People expect one’s emotional reaction over “what happened” but if one can shut out the reaction or at least absorb the impact without it kicking off usual expected chain reactions, the damage can be somewhat minimized or sensibly dealt with. And one can keep going.
This story is sad but redemptive in an unexpected very healing way.
The writing is clear and gives access to a state of being which as the narrator suggests few people may experience, or if they do, will be unable or unlikely to write about with this clarity. I find it unsettling and hard to turn away from. The author’s experience mirrors aspects of the narrrator’s experience and knowing this complicates the piece. As a reader am I like Noah, fondling details, or is the author like Noah taking his passenger to the scene where something awful happened?
This section below stood out for me.
‘Noah’s motive—timid in one sense and outrageous in another—was transparent, but there was no point in letting him know that she had seen through him. Her understanding was precisely what he hankered after: he wanted her imagination to be framed by his imagination; he wanted her undivided attention and intense feelings.’
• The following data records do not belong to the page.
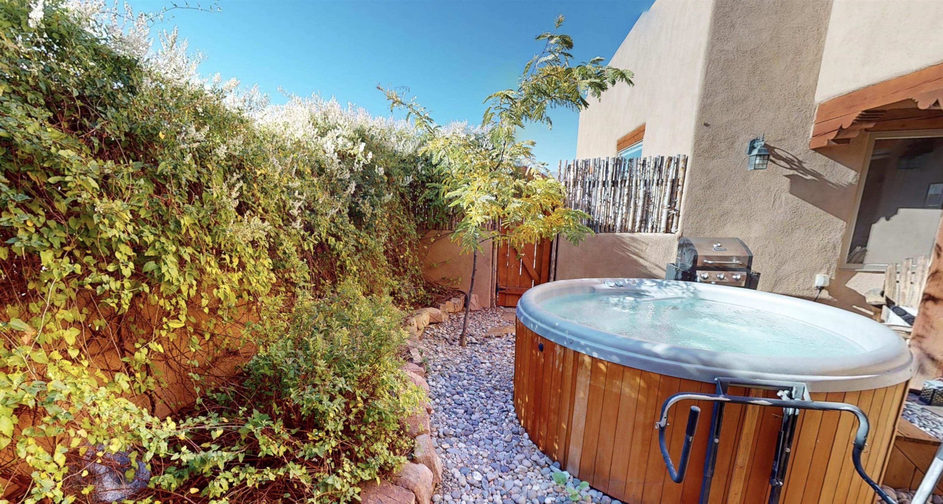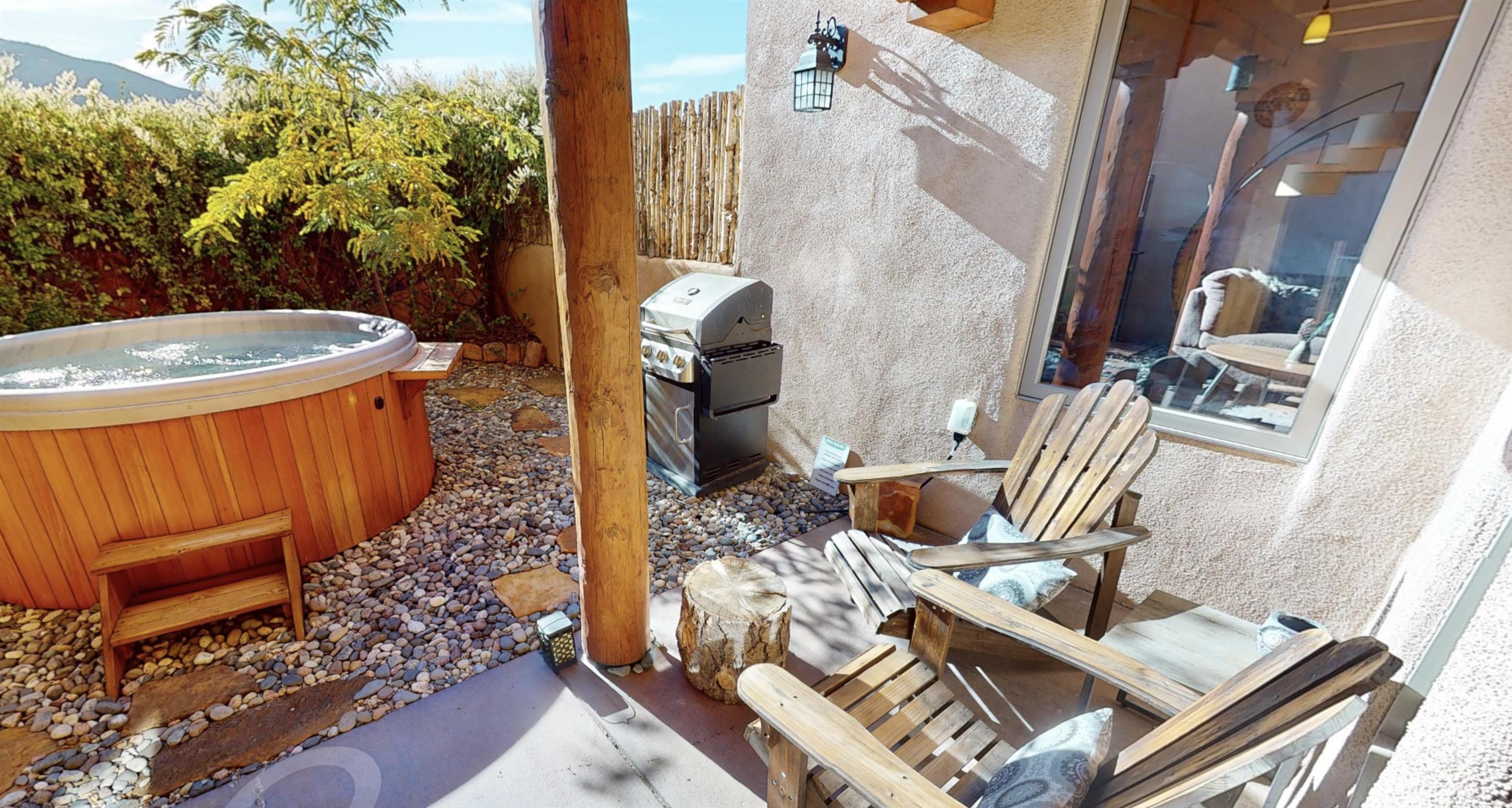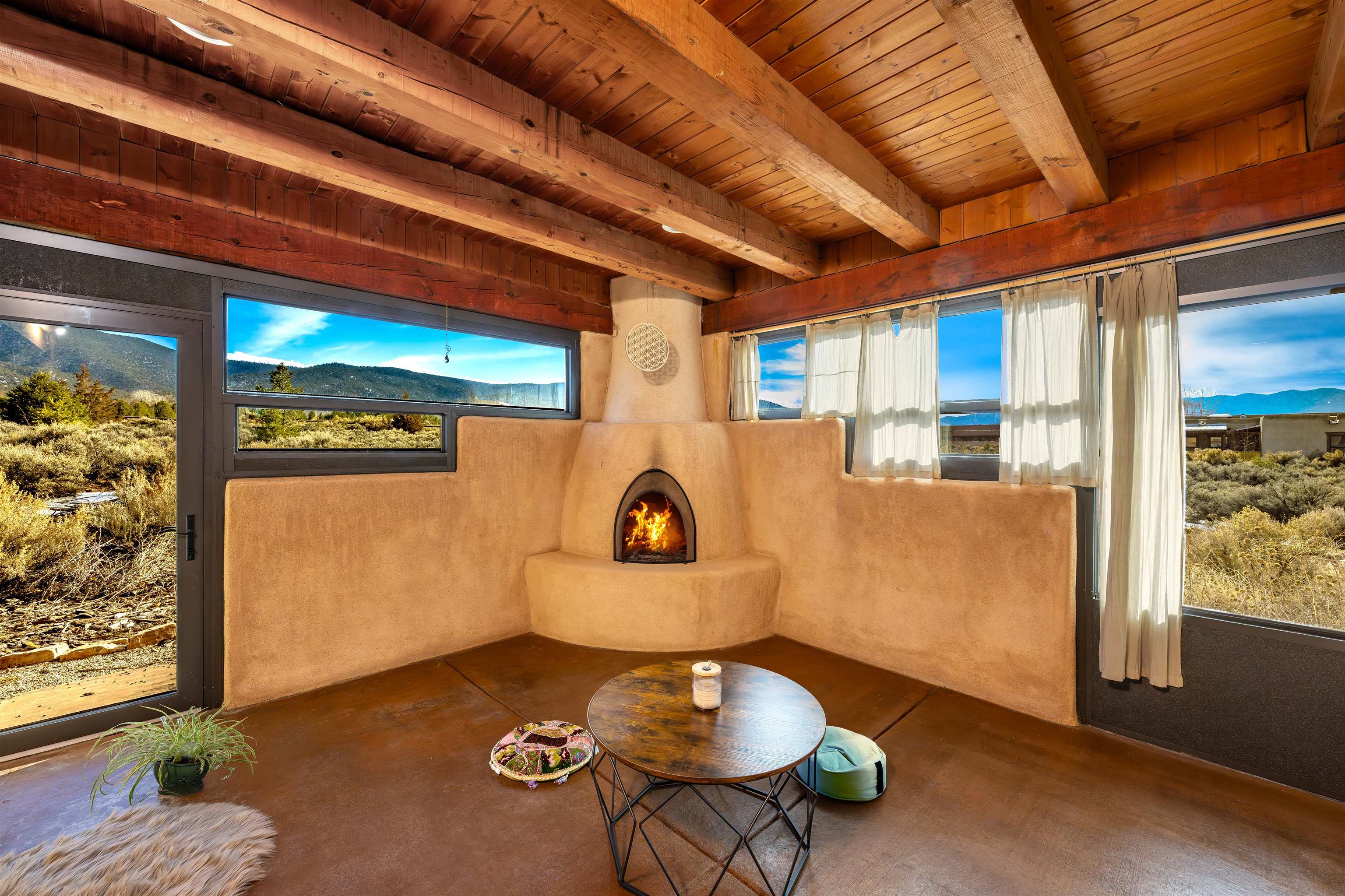 Beautiful, bright, turnkey single-level Pueblo-style home in the desirable Dos Arroyos neighborhood with breathtaking mountain views. Featuring 3 bedrooms, 2 baths, and 1,793 sq ft, this property combines traditional Taos charm with modern comfort. Spacious interiors showcase extra tall ceilings with exposed vigas and detailed woodwork throughout, complemented by 2 kiva fireplaces, and additional 255 sq ft sunny studio. Offers natural gas radiant floor heat throughout, a heated double garage, and custom kitchen cabinetry. Boasts a spa-like setting with cedar barrel sauna, outdoor shower, and salt water hot tub! Option for furnishings to convey via bill of sale upon buyers request. Fast fiberoptic internet. The home sits on a 0.25-acre lot , adjacent to an Open Space parcel which is protected. HOA includes irrigation and maintenance to the trees in the open space parcel and it ensures privacy and endless mountain views. There is easy access to hiking trails, Holy Cross Hospital, and Taos Plaza. 3D Tour Link: https://my.matterport.com/show/?m=fRKLUUkGLQX&mls=1 Key Features: - 3 Bedrooms / 2 Bathrooms; - 1,793 sq ft (approx.); - Lot: 0.25 acres / 10,802 sq ft, adjacent to Open Space parcel; - Year Built: 2007; - Natural Gas radiant floor heat; - Attached 2-car radiant floor heated garage; - Pueblo/Southwestern, single level ; - Hot Tub; - Cedar Sauna ; - Xeriscape Landscaping with drip irrigation; Interior Highlights: - Soaring ceilings with exposed vigas & woodwork detail ; - Open floor plan with abundant natural light; - Two kiva fireplaces (living room & master); - Tile flooring; - Custom cabinetry & built-ins; - Sunroom + covered portals for indoor/outdoor living; - Fast fiberoptic internet ; - Stainless kitchen appliances; Community: - Subdivision: Dos Arroyos; - Low HOA Fee: Only $513/year (approx. $43/month); - Near Holy Cross Hospital & Dos Arroyos Trail system - 5 minutes to Taos Plaza.
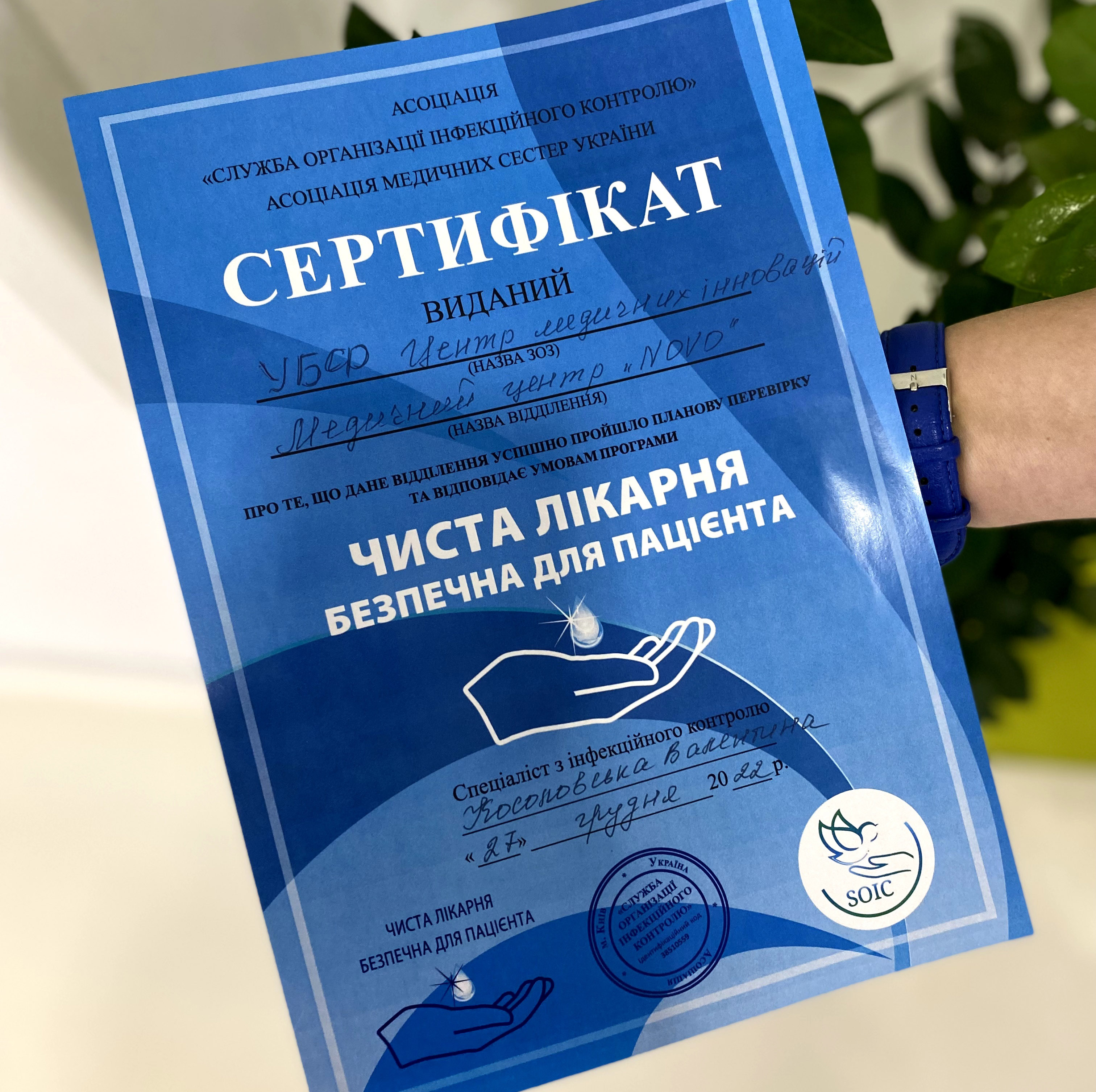 In 2019 and 2022, the "Infection Control Organization Service" and the Association of Nurses of Ukraine conducted certifications, as a result of which the NOVO Medical Center received a special distinction from the All-Ukrainian project "Clean Hospital Safe for Patients."
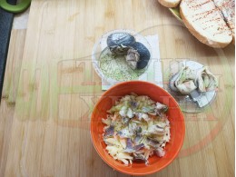 Спретнах производно ястие с маринована херинга в марината със сух копър от предварително сготвеното пиле със зеле "Пряснозелево пилешкобутчено доматеночервеночушково" (снимките от сваряването на зелето са към рецептата за пилето със зеле). Изядохме пилешките бутчета и остана голямо количество от свареното и запечено зеле и така ми хрумна да приготвя кашкавалено рибен крем с млечен кашкавал и рибно филе от маринована херинга. Отново спретнах невероятна вкусно, вкусна, вкусотия (вкуснотия). laughing Сладостта на зелето идеално хармонира с леката соленост на маринованата херинга и се допълва с млечния протеин от кашкавала.
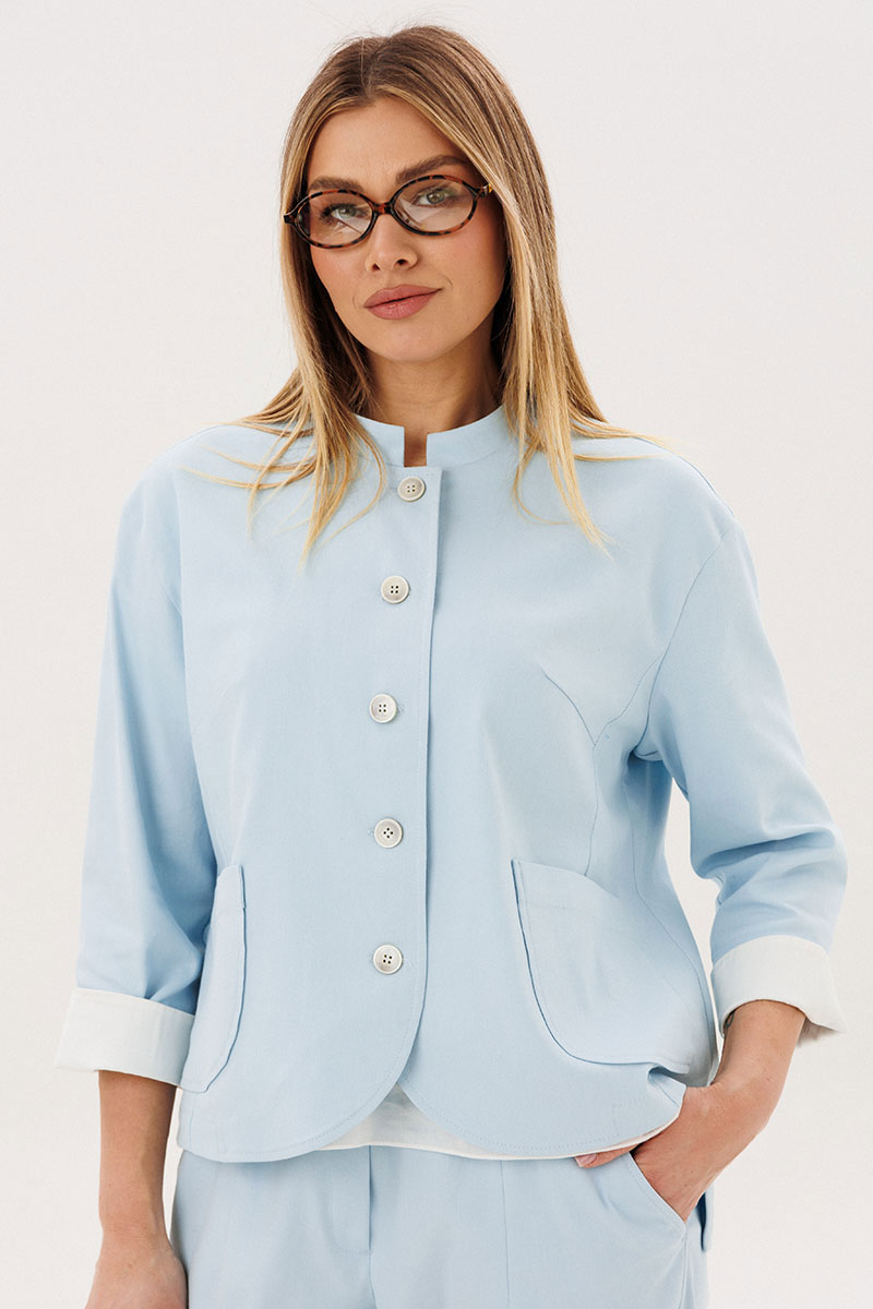 Жакет из натурального хлопка обеспечивает комфорт и отлично держит форму, подчёркивая аккуратный силуэт. Минималистичный дизайн с аккуратной линией горловины и пуговицами делает
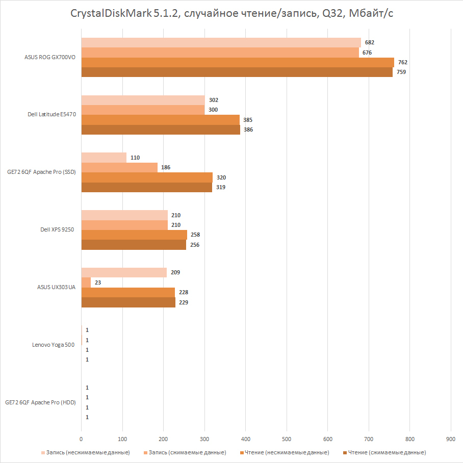 В качестве системы хранения данных пользователь получает стандартный жёсткий диск, 1 штука. На фоне современных SSD его скорость чтения/записи, как видно из диаграмм, проигрывают очень сильно. Однако для 2.5-дюймового диска он показывает совершенно нормальные ожидаемые результаты. Конечно, с твердотельным накопителем жизнь пользователя Lenovo Yoga 500 заиграла бы новыми красками, но только, если бы вам хватило бы какого-нибудь скромного SSD на 128 Гбайт.
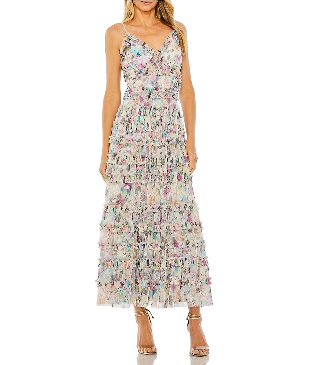 Mac Duggal Sleeveless High Neck Lattice Ruffle Floral Midi Dress
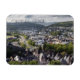 Aereriellt utseende av Oranienstadt Dillenburg, en stad i Heses Giessen-region Tyskland. Infångad från slottet backe med den gamla staden i förgrunden, badad i härligt kvällsljus. En underbar souvenir från resa till Hessen.
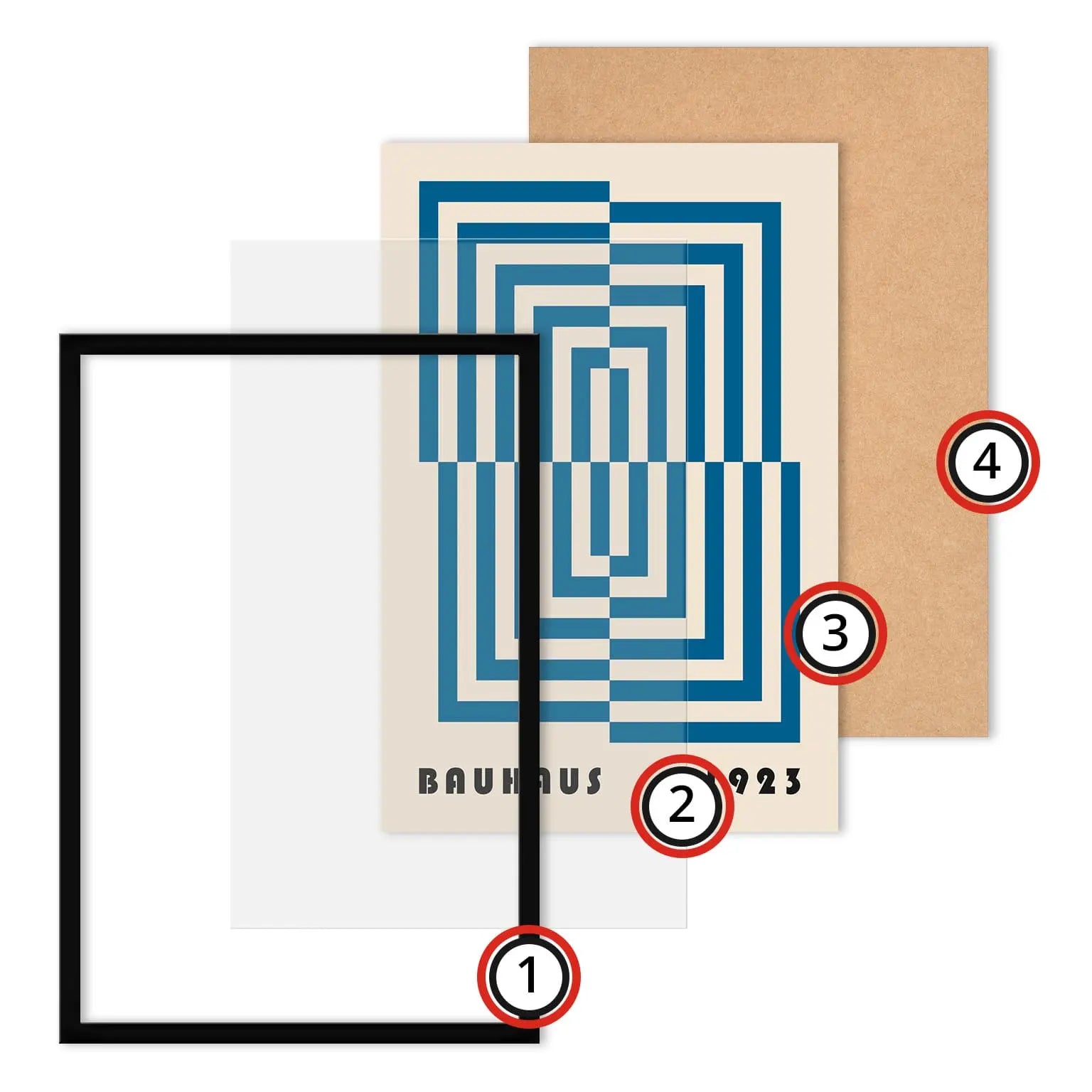 La parte posterior de cada marco está equipada para evitar que el polvo y la humedad entren en el interior. Duraderos, resistentes y elegantes, vienen listos para colgar. Nuestros procesos de fabricación, materias primas y embalajes de envío han sido seleccionados teniendo en cuenta las limitaciones medioambientales y garantizan la seguridad de su pedido durante el transporte.
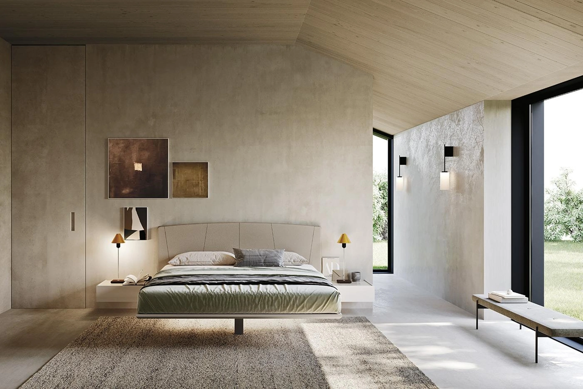 Vuoi progettare la camera da letto? Ti presentiamo il letto in tessuto Sospeso N16 di Mobilgam per spazi design.
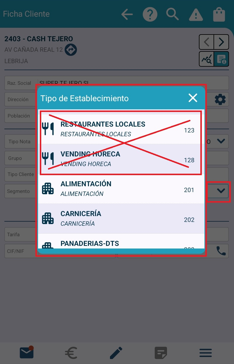 Y debe estar establecido el Tipo de Establecimiento que no sea de tipo Bar (que no tengan el código 100-199)
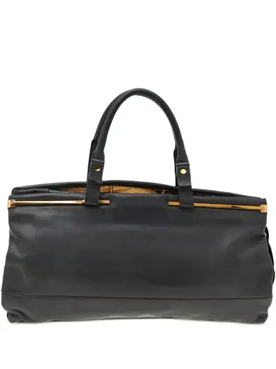 circa 2023 black leather construction gold tone hardware accents two handles structured satchel shape top zip closure Condition: GOOD. This previously owned and used item is in good condition with minimal signs of use. This may include fading of material or plating and scratches.
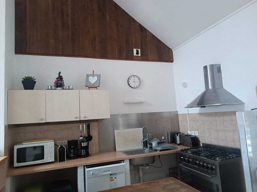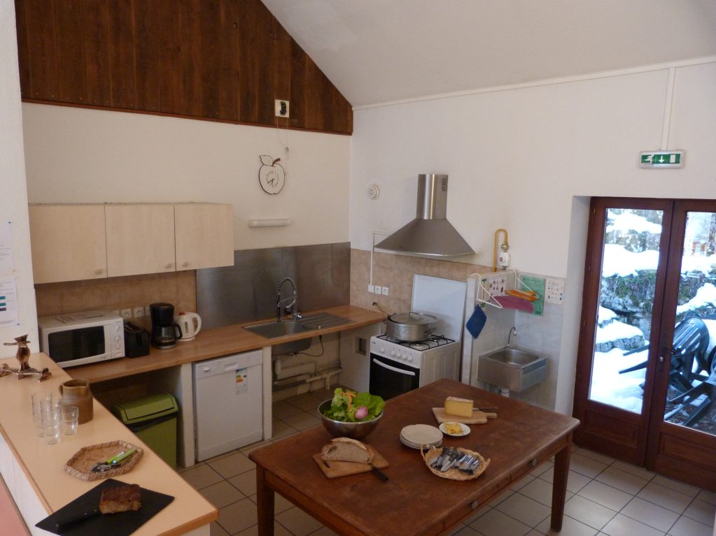 Au 1er étage : 1 chambre pour 6 personnes, 1 chambre pour 4 personnes, 1 chambre pour 2 personnes, 2 salles de bain avec douche, un WC et une grande salle commune (salle à manger et cuisine) avec cuisine toute équipée (accès personnes à mobilité réduite).

Is the suggested motivation of Noah similar to the motive of any writer or more particularly this writer ? And is this cruel or an attempt to communicate? Reading the piece I felt the narrator wanted to communicate and feared communicating with others (and with herself if communication might bring her nearer to painful feelings).
I find the ending sad, and deadly, as the narrator seems to turn away from communication and from the potential for understanding, hope, forgiveness, or something less filled with futility. There is a sense of this being a choice,
– ‘She did not seek to understand Tina or Noah, for understanding was not their due.’–
a decision and this is disturbing in the way of a person deciding to take their life. In this state of mind there is a sense that one’s experiences are unique – which if course they are– but in a way which seems to refuse the possibility that there can be any meaningful sharing of understanding with another person. At the same time the piece in itself is an act of communication.
I find it a powerful and unsettling piece.
The combination of erudition, wit, insight, and sadness is really potent. I had felt more “positive” (if that’s the word) about Lillian’s detachment than the two who commented above, as it seems necessary to her survival. It is also selfish, yet she does admit that she may be responsible for others assuming her interest in their thoughts, stories, and ideas.
She does, though, give them attention by discussing them here, even if it’s to deny their overall claim to her attention. The paradox is interesting.
Literary attention and analysis come up against the unspeakable.
Frustration as the strongest of emotions is interesting.
This, and her previous New Yorker story, are impressive work.